I’ve played The Sims, and the improved, The Sims 2. I felt that this game, though some may think its very lame, it is very real, especially when it comes to its relationship meters. Everyone has their own needs and interests. Like when you do something with a person that he/she likes, the relationship points go up. When you do something they dont like, it goes down. When it gets to the negative level, they will start to hate you. And as a love interest, if you do something that he/she loves to do, the relationship points goes up really quickly, romantic things that couples do, like cuddling, kissing, talking, dancing. And if the need gets neglected, it will go down over time.

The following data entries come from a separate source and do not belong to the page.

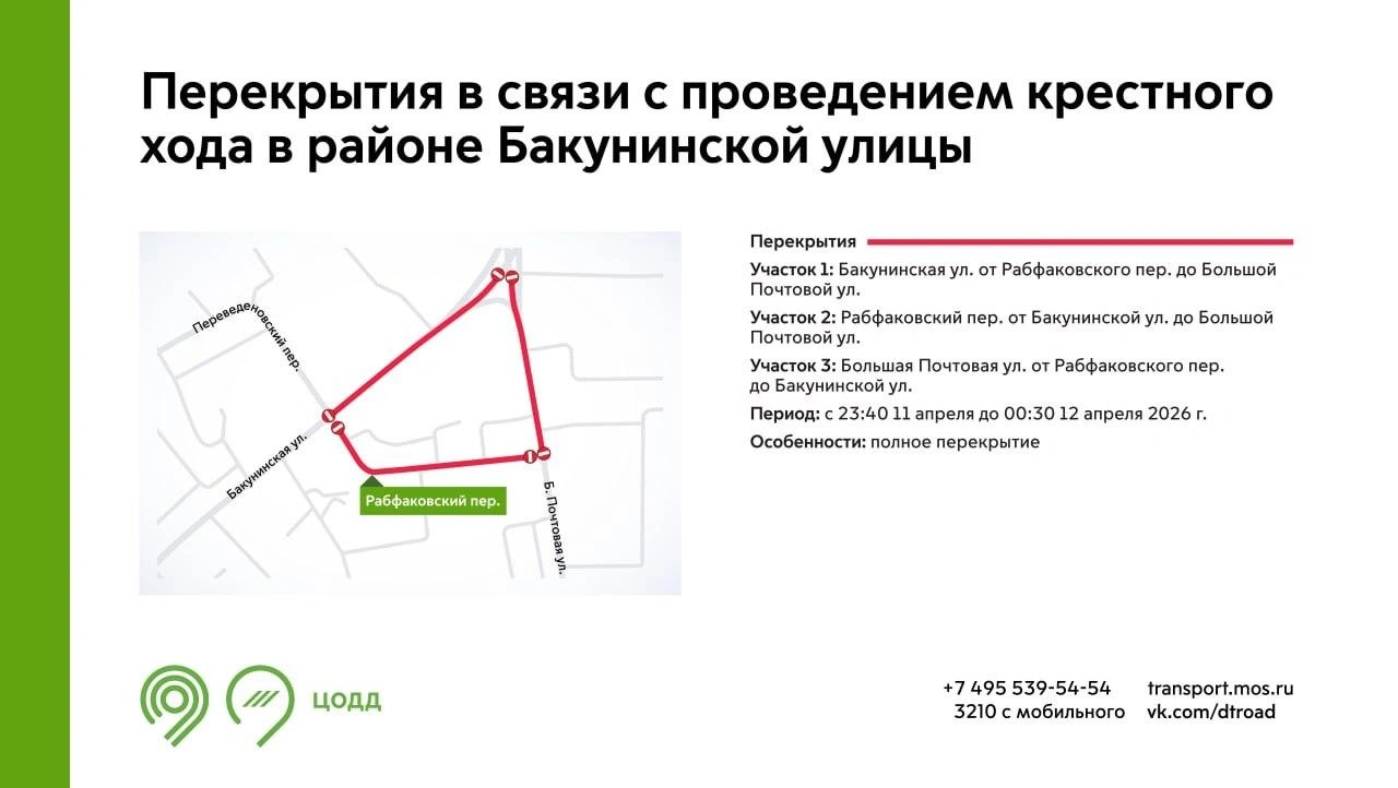 - 11 апреля с 23:40 до 00:30 12 апреля движение остановят в Рабфаковском переулке, а также на отдельных отрезках Бакунинской и Большой Почтовой улиц.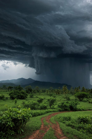 A vast dark storm cloud looms over a vibrant green landscape, with a visible dirt road in the foreground; This striking scene is perfect for travel and weather-related projects.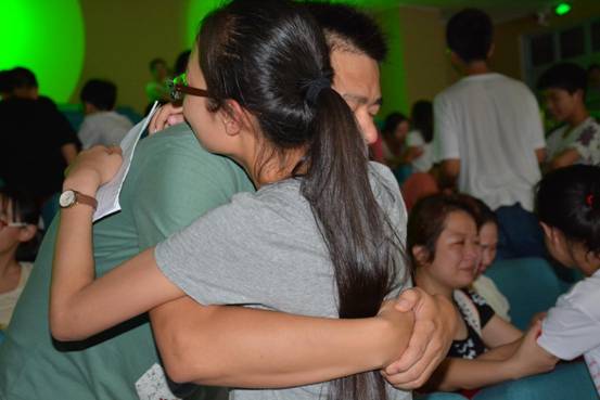 隨后,進(jìn)入學(xué)生和家長的互動環(huán)節(jié)——吹過心靈的風(fēng)。學(xué)生代表馬美汀同學(xué)上臺念出了自己在寫作課上給爸爸媽媽寫的信,在這位同學(xué)發(fā)言結(jié)束之后,全體學(xué)生站起給身后的父母大聲念出了自己寫的信,對父母說聲“我愛你”并和父母深情擁抱,在這么溫馨感人的場景中,不少家長和學(xué)生都已熱淚盈眶……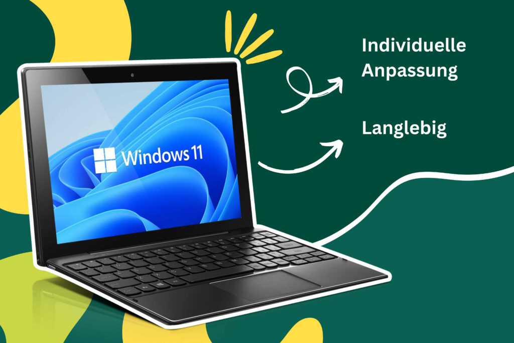 Unsere Laptops sind “Ready to Go”, bereits ausgestattet mit Windows 11, der MS Office 2024 Dauerlizenz, E-Mail-Einrichtung, sämtlichen Treiberinstallationen und unserem Updateservice. Auch die Datenübertragung auf Ihr neues IT-Gerät ist bei uns kein Problem.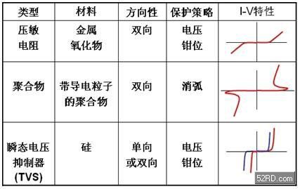 表1:常見ESD保護元件分類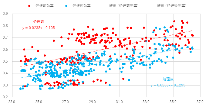 (縦軸=1kJ/kgあたりの消費電力量・横軸=外気温度)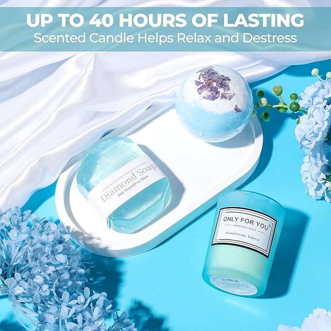 - ๐ธ UNWIND IN STYLE: A soft blanket, cozy socks, and aromatic candles ensure that relaxation comes easy and feels indulgent with our spa day essentials. These items are hand picked to ensure the best and most relaxing home self care spa experience, something every woman would love and appreciate. Our bath sets for women are an amazing gift for any occasion.

So like in real life, you dont keep the points up, and keep it from going down, your relationship suffers. So basically, the umbrella story above is really just an excuse made by lazy men whos hould really rather spend some RM 2 on a stalk of flower to the woman who waits from them rather than sitting here wasting his time writing lame stories like this just to ask women to “shut up and be contend with what you have.” Is that really so hard to do? If the writier so happens to be a woman, its even sadder cos you dont even know what issit that can keep yourself happy, probably already brainwashed by some lame men.

Why not put it this way. You bring flowes, show that you love. You bring umbrella, show that you care. Love+care= got 2 points already. Then compared to most husbands, you’re stll as romantic after marriage, but even better now, bonus. Congratulations to those men who has done a good job all these years. Keep it up. May your marriage be blessed.